Burmistrz Sanoka raz jeszcze odpowiada radnym
SANOK / PODKARPACIE. W nawiązaniu do listu radnych Pruchnickiego i Babiaka, który został opublikowany na portalu Esanok.pl w dniu wczorajszym, zamieszczamy odpowiedzi Burmistrza Sanoka w tej kwestii.
ZOBACZ TAKŻE:
Radni odpowiadają burmistrzowi. „Bez demagogii, nienawiści i populizmu”
Jak widać Panowie Radni ani na chwilę nie ustają w wysiłkach twórczych. Spod ich pióra wychodzą coraz to nowsze teksty, naszpikowane do znudzenia tymi samymi pytaniami, rozważaniami. Po raz kolejny przychodzi mi się ustosunkować do autorskiego materiału Panów Radnych i żałuję, że tego zapału nie włożyli Panowie w pracę na rzecz naszego miasta. W odniesieniu do tekstu opublikowanego na portalu esanok, tłumaczę Panom Radnym, co następuje:
Z dużym zaskoczeniem przyjąłem informację, że na dwa tygodnie przed wyborami zacząłem chwalić się działaniami dotyczącymi rozszerzenia strefy ekonomicznej. Dla przypomnienia Panom Radnym informuję, że podejmowana kilka dni temu uchwała była aktem zmieniającym poprzednią uchwałę z 24 października 2013 r. dotyczącą zgody Rady Miasta Sanoka na włączenie określonych gruntów do Specjalnej Strefy Ekonomicznej Euro-Park Mielec. Jak widać czarno na białym nad rozszerzeniem strefy ekonomicznej pracujemy już od 2013 roku. Prawdziwym oportunizmem z Panów strony jest „wrzucenie” suchego faktu na zasadzie: stworzono strefę o powierzchni 33 ha w 2002 r., a następnie w ciągu 12 lat nic z nią nie zrobiono. To prawdziwa manipulacja i jednostronne działanie mające na celu tylko negatywne naświetlenie całego problemu, bez zadania sobie trudu znalezienia konkretnych przyczyn i warunków, które sprawiły, że obszar strefy skurczył się do 5 ha.

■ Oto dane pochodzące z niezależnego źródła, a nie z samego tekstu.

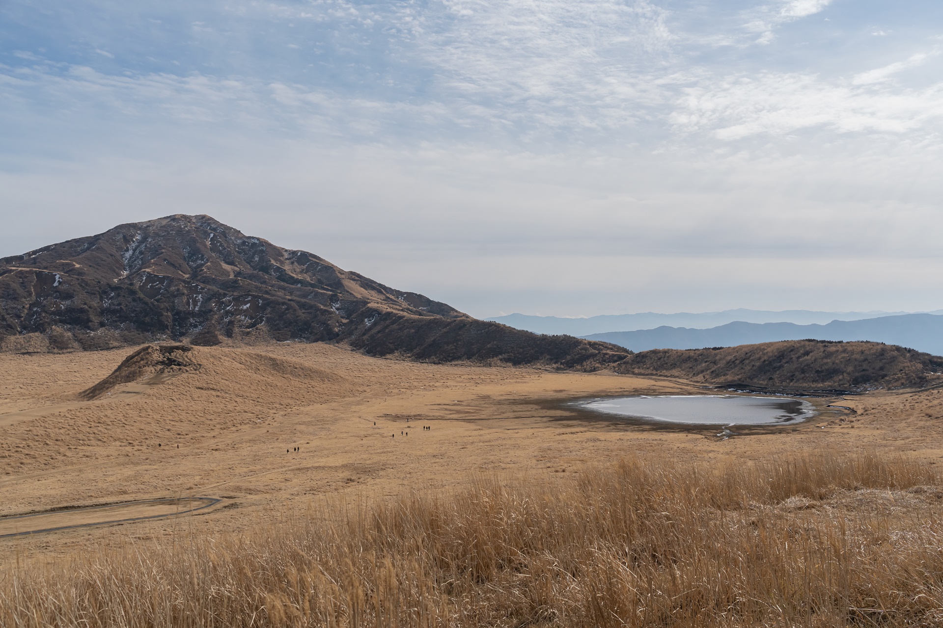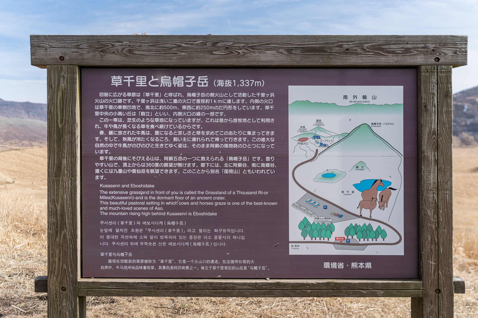 구사센리는 에보시다케(烏帽子岳) 기슭에 펼쳐진 약 1km의 초원으로 중앙에는 연못이 있고 여름에는 초원으로 소와 말들이 풀을 뜯는 곳입니다. 겨울이라 소와 말은 없었지만 아소산과 함께 멋진 풍경을 감상할 수 있었습니다.

Pomimo moich wyjaśnień na ostatniej sesji Rady Miasta jeszcze raz postaram się krótko i zwięźle przybliżyć ten problem. Podkreślam, że moje działania podejmowane w sprawie istniejącej strefy zawsze były ukierunkowane na utrzymanie potencjału gospodarczego terenu objętego strefą, bez względu na to czy będą funkcjonować tam zwolnienia strefowe, czy prowadzona będzie nieuprzywilejowana działalność gospodarcza. Prawdopodobnie Panom nie wiadomo, że powstała w 2002 r. podstrefa była wynikiem porozumienia trzech rodzajów partnerów: Miasta Sanoka; firm Stomil S.A. i Autosan S.A. oraz Agencji Rozwoju Przemysłu S.A. O/Mielec. Niestety prawdziwą bolączką podstrefy od początku jej istnienia był fakt, iż ustanowiono ją na terenach zabudowanych przez istniejące zakłady Stomil i Autosan, co bardzo ograniczało możliwości wejścia na te tereny nowych inwestorów szczególnie niezwiązanych z branżami reprezentującymi te gałęzie przemysłu, które są domeną ww. zakładów. Wyjątkiem jest oczywiście firma Centurion, która skorzystała z wolnych hal produkcyjnych i szybko zajęła większą cześć obszaru.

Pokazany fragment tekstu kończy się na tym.